Alla fine, i due si sedettero su una panchina di un piccolo parco e Liev colse l'occasione per proporre a Vera di andare a casa sua.

«Ti confesso che mi sento a disagio», disse lei. «Essere qui mi rende vulnerabile e venire addirittura a casa tua non mi pare una buona idea.»

«Vera, sto parlando di un piccolo appartamento vuoto in cui vivo da solo, non della casa di mio padre», disse lui. «Non ti porterei mai lì, lo sai.»

«Non vivi con tuo padre?», gli chiese lei sorpresa.

«No. Qui sono vicino alla scuola e libero di tenermi fuori dagli affari di mio padre, anche se lui continua a trascinarmi nella direzione opposta», spiegò.

Vera si alzò e si mise di fronte a lui, con le mani tese per suggerirgli di alzarsi. Pallidi raggi di sole filtravano dal cielo arrabbiato e le illuminavano i capelli scuri. Anche le sottili lastre di ghiaccio che rivestivano l'asfalto, sembravano brillare sotto la coraggiosa luce di marzo. Il Generale Inverno[5] stava chiaramente perdendo la sua battaglia contro la primavera.

«Andiamo», dichiarò lei. Lui le sorrise.

 

 

L'appartamento di Liev era piuttosto piccolo, ma c'era spazio a sufficienza per una persona sola. Era insolitamente ordinato per essere abitato da un ragazzo che viveva da solo, ma c'erano qua e là i segni della personalità di Liev: sul tavolo della cucina c'era un portatile di ultima generazione, nella camera da letto, le cui pareti erano tappezzate di poster, un enorme impianto stereo occupava un terzo dello spazio della stanza.

Vera si guardava intorno affascinata, come se potesse cogliere aspetti sconosciuti di Liev anche solo guardando le sue cose. Poi si sedette sul suo letto, testandone la morbidezza.

«Mi piace», disse lanciando un'ampia occhiata alla stanza.

Liev sorrise e la baciò.

Questa volta, mentre si toglievano i vestiti, a nessuno dei due gli occhi cambiarono colore, sebbene brillassero comunque per ragioni puramente umane.

 

 

«Devo tornare a casa», dichiarò Vera. «Si è fatto tardi.»

Liev, steso pigramente accanto a lei, con un braccio sotto la sua testa e l'altro attorno alla sua vita, mugolò in segno di protesta. Le stava baciando dolcemente la fronte, con il naso affondato nei suoi capelli.

«Dico sul serio», disse lei staccandosi da lui e guardandolo negli occhi. Poi sorrise.

«Devo dirti una cosa, prima», dichiarò Liev. Il sorriso di Vera si spense e il suo sguardo divenne improvvisamente duro.
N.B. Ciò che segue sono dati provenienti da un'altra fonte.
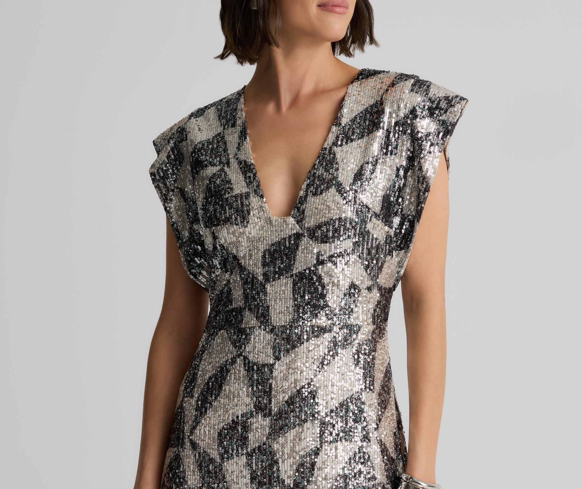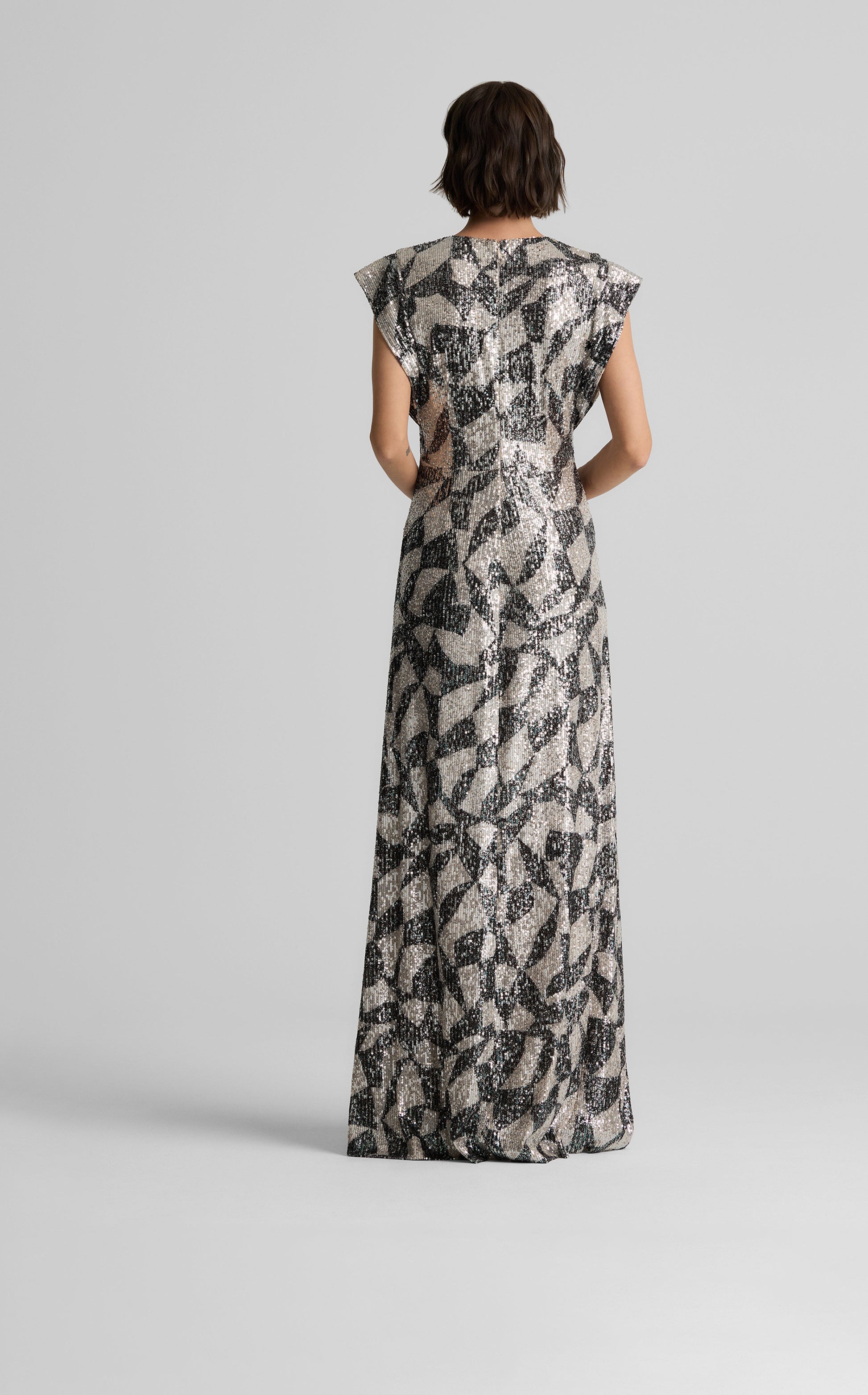 The London juxtaposes bold geometry and high-impact glamour for a fresh take on formal wear. From its dolman cap sleeves to its floor-skimming hemline, this head-turning gown is covered in shimmering paillettes to capture the light as it floats through the room with equal effortlessness and elegance.

«Ho scoperto perché mio padre vuole che mi avvicini a te. Secondo lui, in questo modo, mi sarà più facile ucciderti quando verrà il momento di prendere il suo posto», disse Liev in tono grave.

Vera sospirò. «Lo sospettavo.»

«Io ho il diritto di succedergli come alfa del branco in quanto suo figlio, ma per dimostrare di essere meritevole del ruolo devo uccidere un lupo mannaro. E naturalmente è preferibile che non sia un membro del mio branco. Ma suppongo che tu sappia già queste cose.»
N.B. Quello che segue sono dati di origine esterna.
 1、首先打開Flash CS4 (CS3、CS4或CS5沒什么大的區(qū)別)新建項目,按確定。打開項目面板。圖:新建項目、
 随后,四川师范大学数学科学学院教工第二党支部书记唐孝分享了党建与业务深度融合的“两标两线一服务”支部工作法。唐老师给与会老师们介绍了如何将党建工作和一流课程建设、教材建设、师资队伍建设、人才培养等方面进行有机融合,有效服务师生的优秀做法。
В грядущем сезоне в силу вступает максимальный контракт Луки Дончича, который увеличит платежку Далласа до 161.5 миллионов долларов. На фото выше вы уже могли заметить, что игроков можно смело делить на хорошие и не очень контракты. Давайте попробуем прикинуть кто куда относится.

Vera annuì. «Mio padre me le ha spiegate. Vale lo stesso per me, ovviamente.»

Liev chiuse gli occhi. «Troverò il modo di fargli cambiare idea. Altrimenti gli dirò che mi hai scoperto e non accetterai più di incontrarmi da sola. Io comprendo la necessità di una prova di forza, ma non posso accettare che sia tu a farne le spese.»

Vera rise amaramente. «Se non io, sarà un mio fratello o una mia sorella a pagare le conseguenze di questa concezione arcaica del potere dell'alfa. Ma d'altra parte, se ci rifiutassimo di provare la nostra forza, un altro lupo si sentirebbe autorizzato a sfidarci e ci ucciderebbe senza dubbio contando su un'esperienza che noi non abbiamo, quindi non abbiamo molta scelta. In più, tuo padre vuole che tu uccida me per colpire anche mio padre.»

«Già. Perché tuo padre ha ucciso mia madre», osservò, ma non c'era accusa nella sua voce.

«Dopo che il tuo aveva dato ordine di uccidere la mia. Non si tratta di colpe da distribuire, Liev, ma di vecchi rancori che sono così radicati da non poter scomparire neanche con il passare delle generazioni.»

Lui sorrise. «Io credevo che noi fossimo l'esempio lampante che si può mettere una pietra sopra agli eventi passati e guardare avanti. Perché dobbiamo pagare per le colpe dei nostri padri?»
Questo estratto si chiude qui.